36. CHAPTER 36 #2
Before I could form a response, my bond mark ignited.
Silver shimmer burst across my skin, scales unfurling from my chest outward like wildfire, locking tight against me in a shield I hadn’t summoned.
Gasps rippled through the nearby cadets.
The other Rider laughed darkly—his shimmer flared, unmasked by drink and rage.
Grey scales, jagged and stone-like, crawled up both his arms and spread across his chest, pulsing with threatening energy.
He hadn’t intended to reveal it, but now it bore him completely, his dragon answering my defense with one of its own.
The courtyard grew still. Firelight caught our shimmering hues, silver and grey clashing like a fierce storm .
“You see that?” he barked at the crowd, gesturing at me, his eyes wild. “The General protects his own while the rest of us fight to be noticed. She’ll never pay the price we do!”
The silver scales on my chest hardened further, searing heat coursing through me as Esme’s voice cut into my mind—sharp, unyielding. “Threat. I will not let him touch you.”
I staggered back, breath uneven, heart pounding as my armor sealed around me. The weight of every eye in the courtyard pressed down.

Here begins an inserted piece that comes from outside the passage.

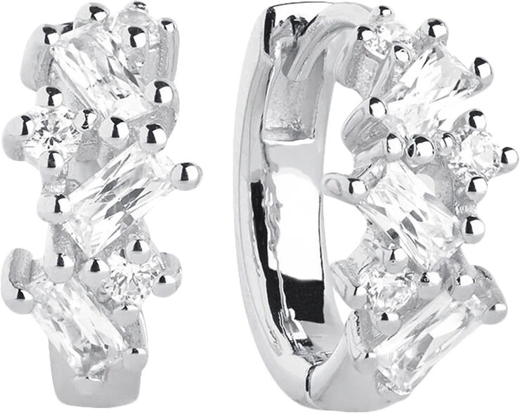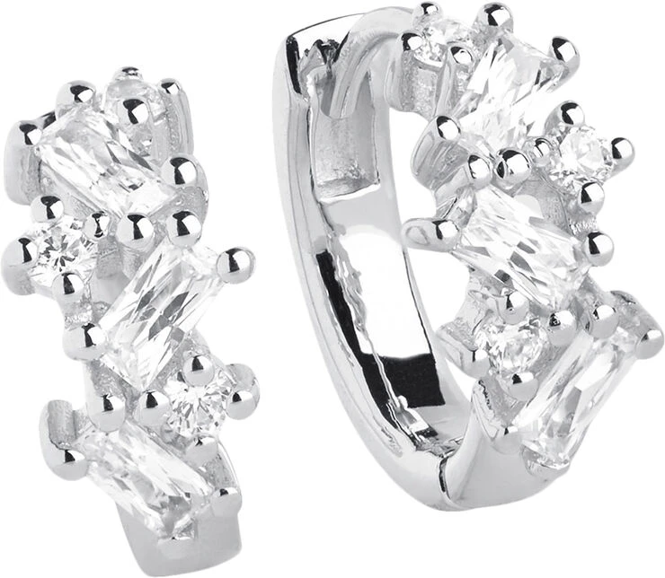Øreringe i rhodineret sterlingsølv 925 med blankpoleret overflade og en kombination af facetslebne hvide zirkoner og baguette zirkoner.
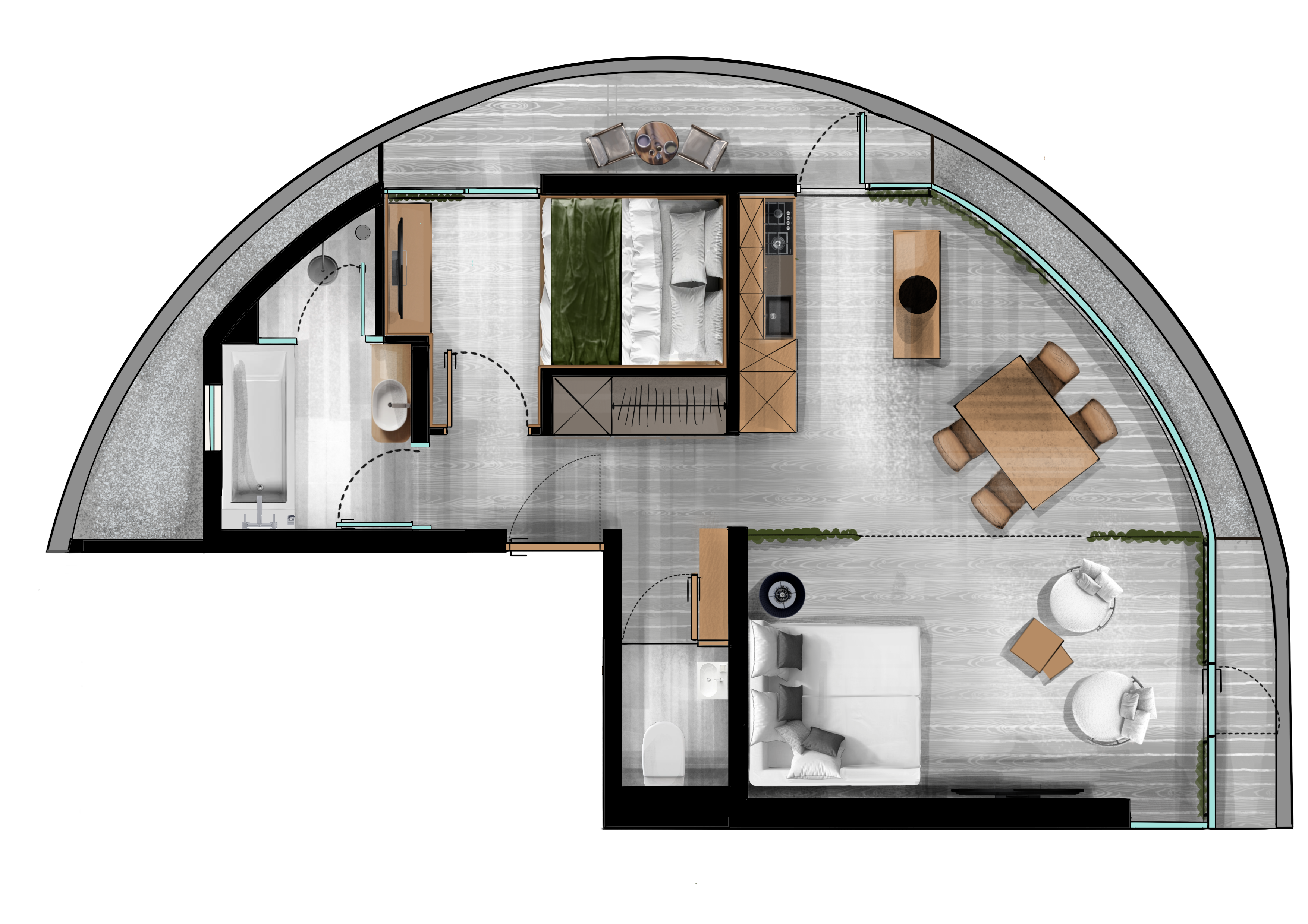 One bedroom, a living area with sofa bed, kitchen, dining table, wardrobes, comfortable seating area, one bathroom with rain shower and bathtub, separate toilet, free Wi-Fi, 40" Smart TV, safe, telephone, and a private balcony.

Zane stepped forward, his grip finding my shoulder, his voice low and lethal.
“One more word, and you’ll regret it.”
But the cadet only bared his teeth, grey shimmer pulsing brighter in the torchlight.
For a heartbeat, it felt like the celebration would ignite into something else entirely.
The cadet’s grey shimmer pulsed like storm light, jagged scales crawling higher up his neck.
The courtyard was silent but for the crackle of bonfires, every Rider, every flier-tethered bond holding its breath.
I raised my hands slowly, my silver shimmer still tightly locked across my chest and arms even though I hadn’t intentionally willed it. My voice shook, but I forced it to steady.
“I’m not him,” I said, searching his eyes. “I’m not my father. Whatever he’s done—whatever you think I’ve done because of him—I don’t know what you’re talking about. I’m not my dad.”
For a flicker, something crossed his face. Doubt. Pain. But it hardened in a heartbeat, drowned by rage and drink.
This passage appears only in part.